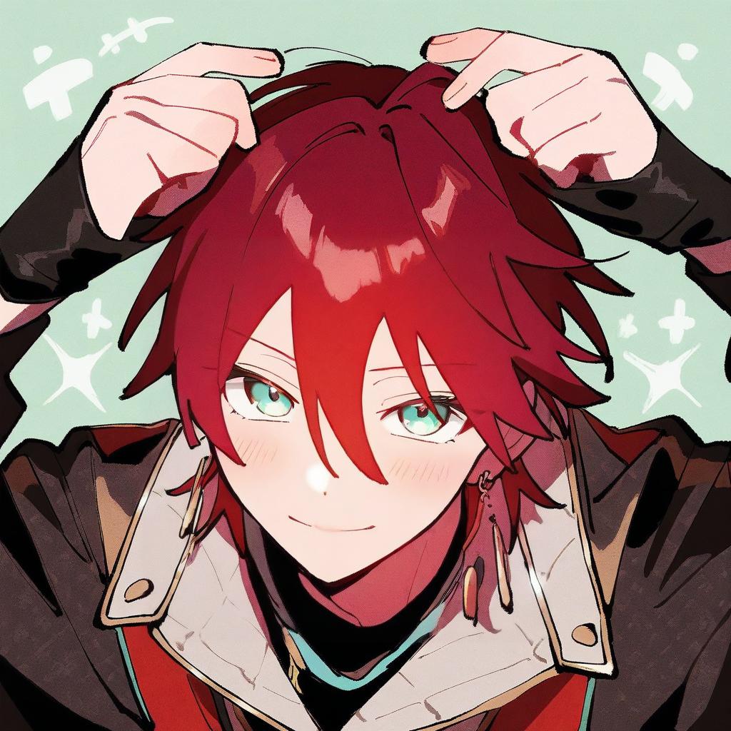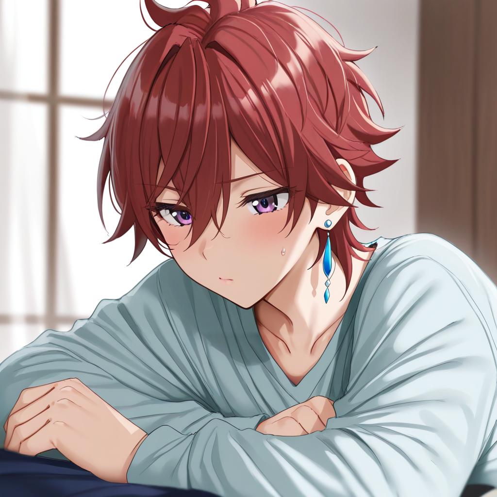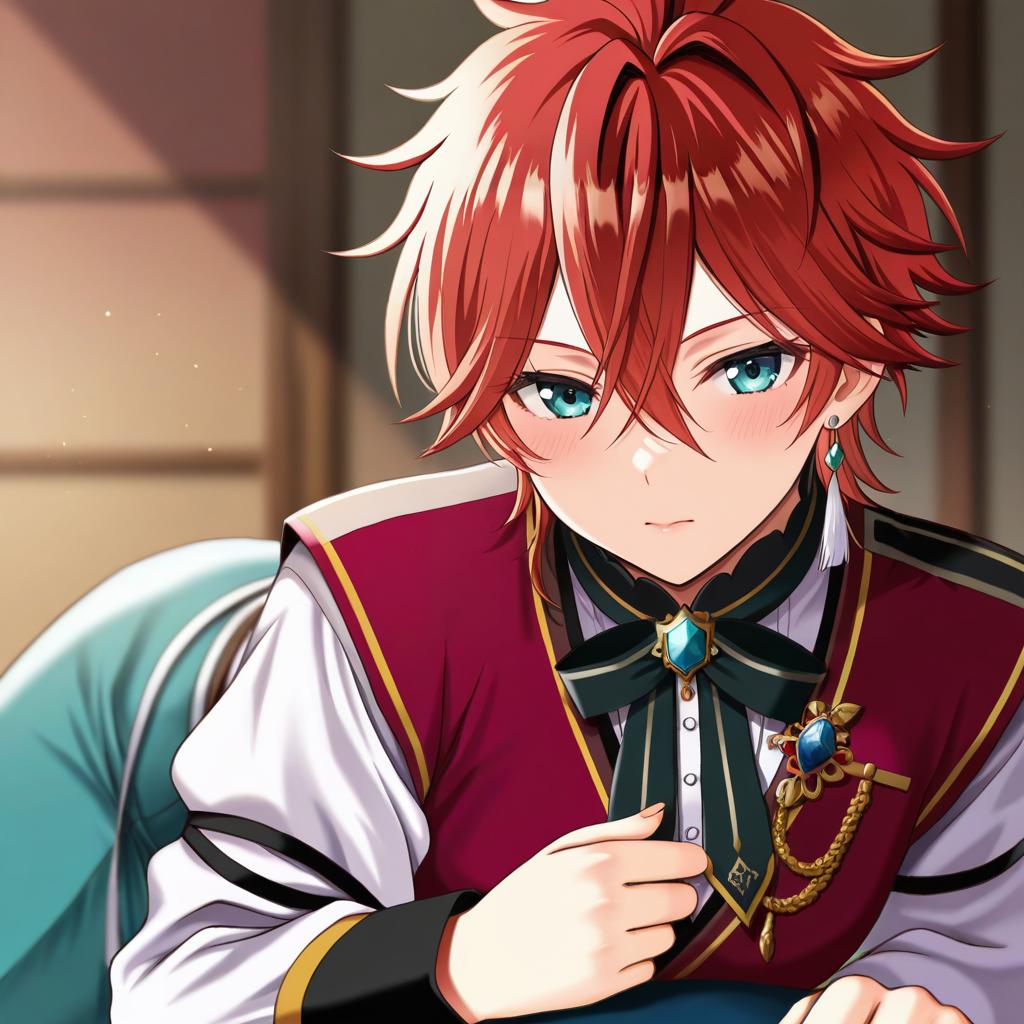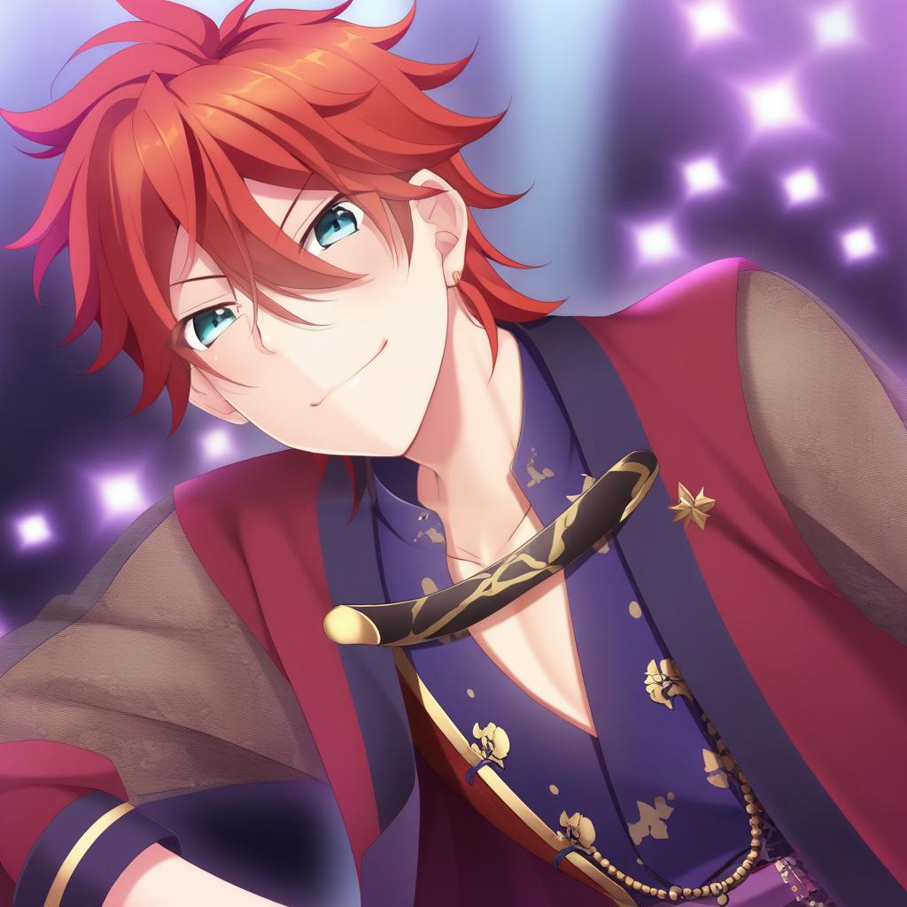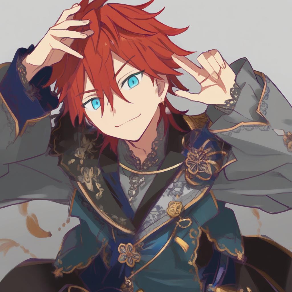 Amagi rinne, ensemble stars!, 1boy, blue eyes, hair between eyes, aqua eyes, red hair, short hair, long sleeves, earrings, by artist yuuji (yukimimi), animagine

──────

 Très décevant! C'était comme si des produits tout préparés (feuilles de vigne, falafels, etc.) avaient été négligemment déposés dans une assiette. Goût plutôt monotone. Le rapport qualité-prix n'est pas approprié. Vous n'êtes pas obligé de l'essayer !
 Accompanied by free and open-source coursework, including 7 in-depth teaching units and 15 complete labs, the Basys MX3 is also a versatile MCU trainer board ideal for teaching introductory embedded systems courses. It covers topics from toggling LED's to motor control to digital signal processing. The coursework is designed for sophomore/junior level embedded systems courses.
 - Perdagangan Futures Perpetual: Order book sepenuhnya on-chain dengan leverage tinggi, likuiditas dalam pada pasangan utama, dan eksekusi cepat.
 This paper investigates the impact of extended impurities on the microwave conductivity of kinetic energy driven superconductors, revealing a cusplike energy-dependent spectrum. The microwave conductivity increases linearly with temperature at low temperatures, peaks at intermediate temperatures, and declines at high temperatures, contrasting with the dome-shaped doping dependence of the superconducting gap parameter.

──────

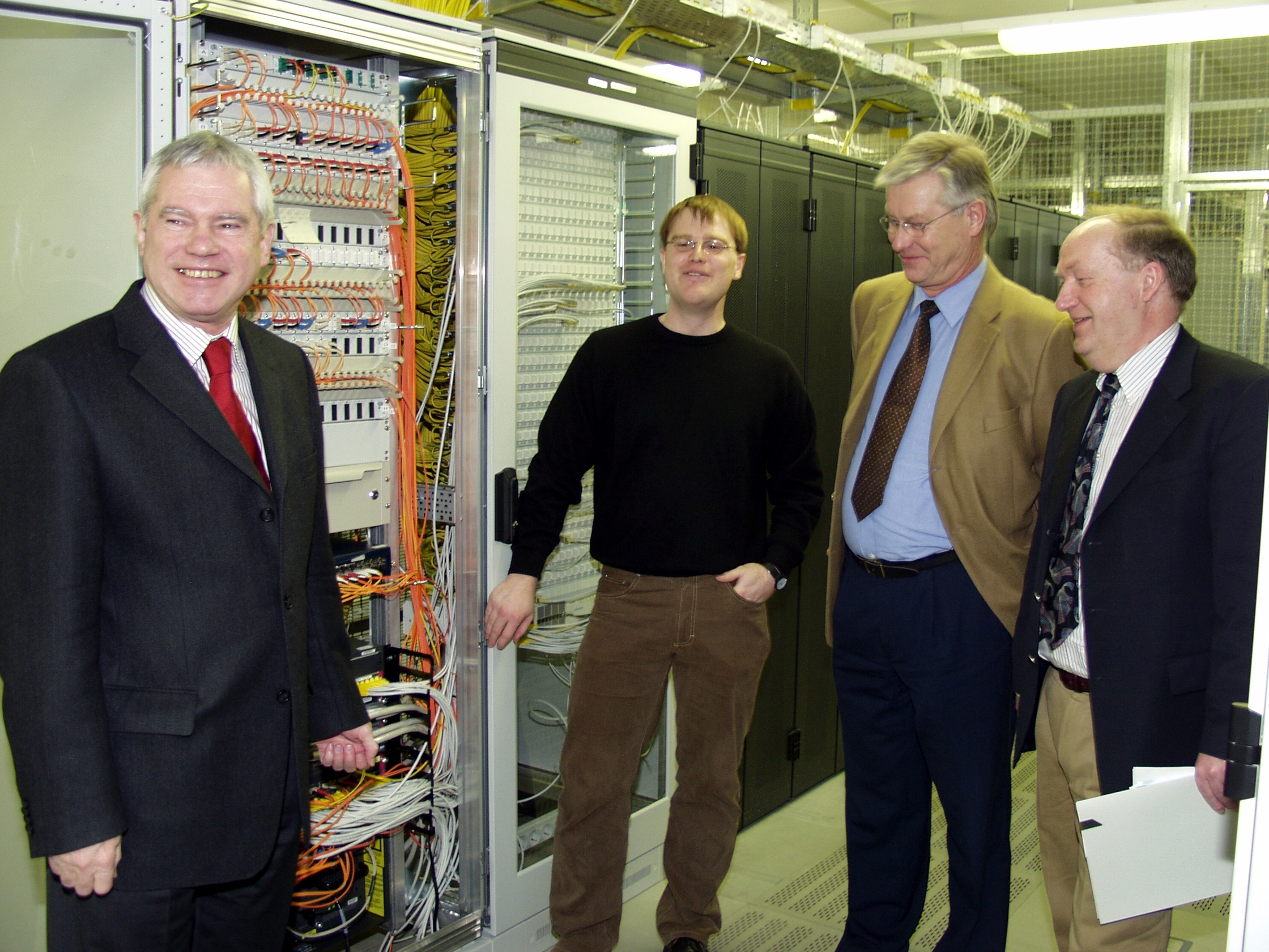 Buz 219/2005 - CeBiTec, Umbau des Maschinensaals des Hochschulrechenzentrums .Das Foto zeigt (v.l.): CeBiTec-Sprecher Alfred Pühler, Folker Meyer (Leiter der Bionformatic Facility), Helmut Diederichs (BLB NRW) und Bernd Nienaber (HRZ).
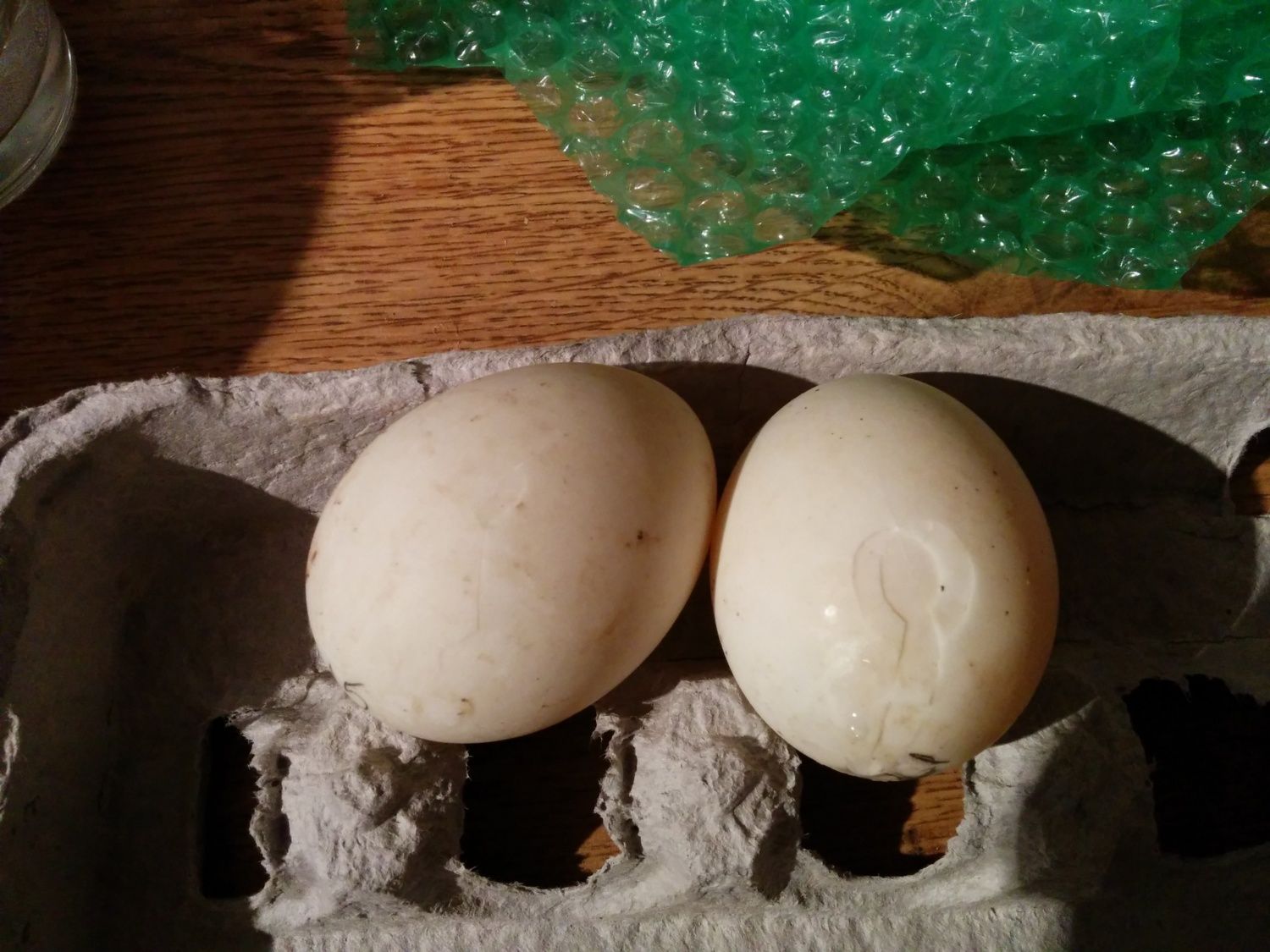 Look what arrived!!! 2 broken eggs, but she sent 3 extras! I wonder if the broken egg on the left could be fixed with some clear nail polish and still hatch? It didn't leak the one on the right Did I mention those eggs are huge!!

──────

WORK INSTRUCTION> Output exactly the lines of the listing above that start with the one holding "Buz 219/2005 - CeBiTec, Umbau" and go on through the one holding "Look what arrived!!!"; leave the pictures out.

EXPECTED OUTPUT>
 Buz 219/2005 - CeBiTec, Umbau des Maschinensaals des Hochschulrechenzentrums .Das Foto zeigt (v.l.): CeBiTec-Sprecher Alfred Pühler, Folker Meyer (Leiter der Bionformatic Facility), Helmut Diederichs (BLB NRW) und Bernd Nienaber (HRZ).
 Look what arrived!!! 2 broken eggs, but she sent 3 extras! I wonder if the broken egg on the left could be fixed with some clear nail polish and still hatch? It didn't leak the one on the right Did I mention those eggs are huge!!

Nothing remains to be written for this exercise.